Она не умерла, но пережитое ее напугало. Поэтому в 2017 году в возрасте 62 лет Голдин снова вернулась в реабилитационный центр. Она обратилась в превосходную загородную клинику в Массачусетсе, лечебный центр, связанный с больницей «Маклин». Она понимала, как ей повезло, что у нее есть возможность лечиться: так везет только одному из десяти[1897] людей, зависимых от опиоидов. И еще Нэн чувствовала себя счастливицей, потому что могла позволить себе уровень обслуживания, недоступный большинству: программа клиники «Маклин» стоила 2000 долларов в сутки[1898]. Нэн работала с тем же врачом, который помог ей стать трезвенницей в 1980-е годы. Через два месяца Голдин сумела изгнать наркотик из организма. В каком-то смысле ощущения были сходны с теми, что она испытывала три десятилетия назад: первые неуверенные шажки обратно к жизни после долгого заключения. И так же, как и тогда, в 1989 году, ей казалось, что она возвращается в мир, в котором каждого десятого забрала чума. Счет смертей американцев от передозировки рецептурных опиоидов превысил 200 тысяч[1899]. По последним данным CDC[1900], если вдобавок к рецептурным опиоидам учитывать нелегальные героин и фентанил, ежедневно умирали 115 американцев. Однажды осенью 2017 года, когда Голдин еще была на лечении, она прочла в журнале «Нью-Йоркер» статью[1901] о препарате, который ее едва не убил, о компании, которая производила этот препарат, и о семье, которой принадлежала эта компания.

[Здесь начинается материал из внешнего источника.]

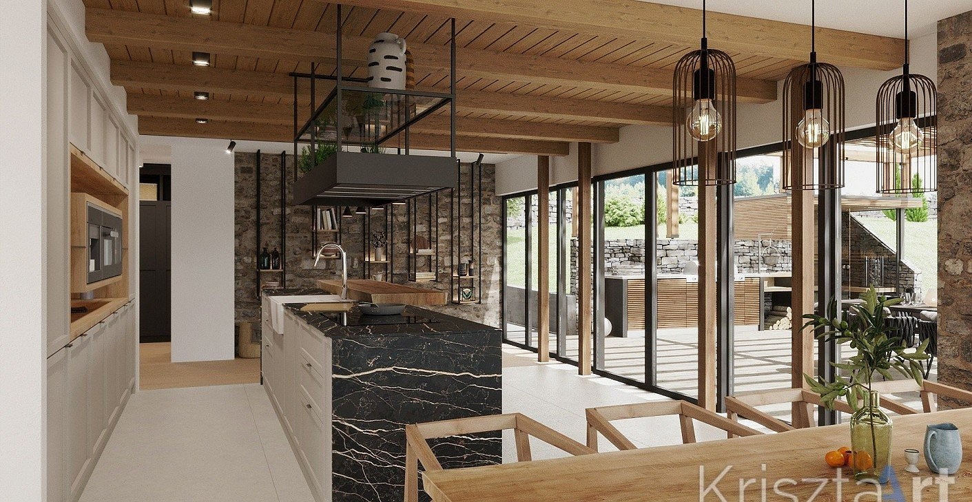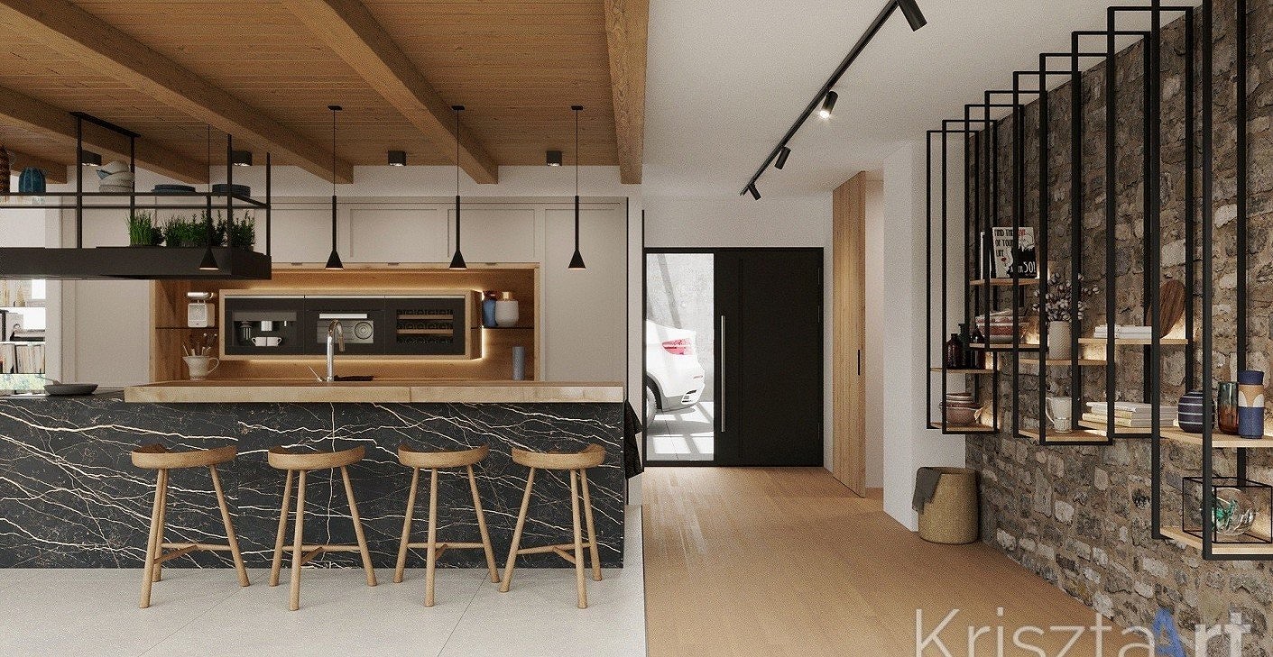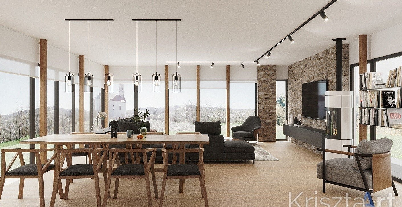 In this project, I was tasked with designing the complete interior of a weekend house being built in the small village of Kisszékely, Tolna County, following the “Enjoy my home” concept. The house was designed for two adults and two children, incorporating urban and contemporary style elements, while also subtly introducing traditional features inspired by historical design.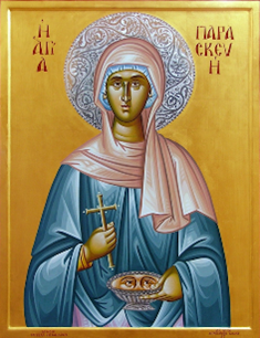 Saint Paraskeve, who was from a certain village near Rome, was born to pious parents, Agatho and Politia. Since she was born on a Friday (in Greek, Paraskeve), she was given this name, which means "preparation" or "preparedness" (compare Matt. 27:62, Mark 15:42, Luke 23:54, and John 19:31, where 'Friday' is called "the day of the preparation"). From childhood she was instructed in the sacred letters and devoted herself to the study of the divine Scriptures, while leading a monastic life and guiding many to the Faith of Christ. During the reign of the Emperor Antoninus Pius, she was apprehended because she was a Christian and was urged to worship the idols, but she answered with the words of Jeremias: "Let the gods that have not made heaven and the earth perish from off the earth" (Jer. 10:11). Because of this she endured exceedingly painful torments, and was beheaded in the year 140. The faithful pray to her for the healing of eye ailments.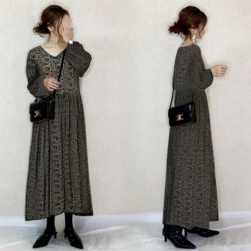 2025春秋装新型日系対外貿易フランス砕花ゆるい痩せ長袖女性vネックワンピース女性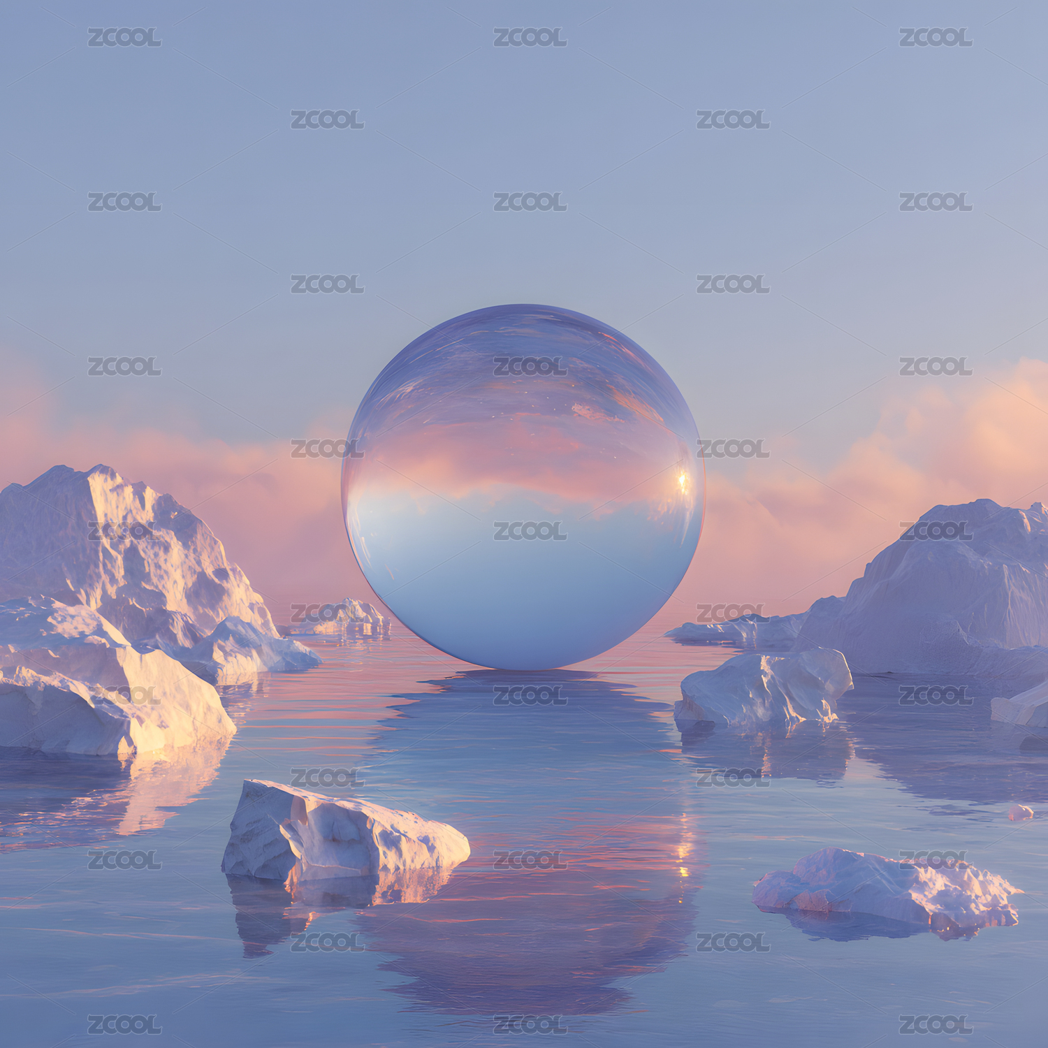冰山上的透明水晶球
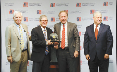 圖為6月12日,尼爾·布什(左三)在亞特蘭大為美國前總統(tǒng)卡特頒發(fā)首屆美中關系卓越領袖獎,其子詹姆斯·卡特(左二)代為領獎。

И ведь не сказать, чтобы о Саклерах прежде никогда не писали. Барри Мейер и Сэм Кинонес подробно рассказали историю этой семьи и ее компании в своих книгах. Но Саклеры обычно изображались как одна нить в сложном нарративе, где переплетались ОксиКонтин, Purdue, врачи – специалисты по обезболиванию, пациенты и вызревавший опиоидный кризис. В этом не было ничего удивительного, и не стоит упрекать авторов предыдущих статей в прессе: поскольку Саклеры были такими скрытными, а Purdue была частной компанией, вплоть до последнего времени было трудно рассказать историю, в которой вина этой семьи стала бы основой и центральной осью повествования.
Готовя свою статью для «Нью-Йоркера», я избрал иной подход, фокусируясь непосредственно на семье Саклер и подчеркивая роль, которую они играли в управлении компанией, и диссонанс между их безупречной репутацией в филантропических кругах и низким происхождением семейного благосостояния. «Я даже не знаю, сколько было названных в честь Саклеров залов в разных частях света, где мне приходилось выступать с лекциями, – говорил во время нашей беседы Аллен Фрэнсис, бывший глава факультета психиатрии в медицинской школе университета Дьюка. – Их фамилия пропагандировалась как олицетворение добрых дел и благих плодов капиталистической системы. Но, если уж на то пошло, они сколотили свое состояние за счет миллионов зависимых людей. Как все это сходило им с рук – уму непостижимо».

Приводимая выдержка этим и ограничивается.